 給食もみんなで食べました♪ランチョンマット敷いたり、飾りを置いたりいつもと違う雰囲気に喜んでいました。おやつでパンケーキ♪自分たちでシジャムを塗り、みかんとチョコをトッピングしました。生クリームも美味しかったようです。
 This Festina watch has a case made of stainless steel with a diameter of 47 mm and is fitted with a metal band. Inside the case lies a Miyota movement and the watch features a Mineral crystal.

※ ※ ※

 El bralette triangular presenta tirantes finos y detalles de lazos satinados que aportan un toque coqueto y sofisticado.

※ ※ ※

Reproduce only the lines above, starting at the line with "給食もみんなで食べました♪ラ" and ending at the line with "This Festina watch", exactly as written.

COMPLETED TASK>
 給食もみんなで食べました♪ランチョンマット敷いたり、飾りを置いたりいつもと違う雰囲気に喜んでいました。おやつでパンケーキ♪自分たちでシジャムを塗り、みかんとチョコをトッピングしました。生クリームも美味しかったようです。
 This Festina watch has a case made of stainless steel with a diameter of 47 mm and is fitted with a metal band. Inside the case lies a Miyota movement and the watch features a Mineral crystal.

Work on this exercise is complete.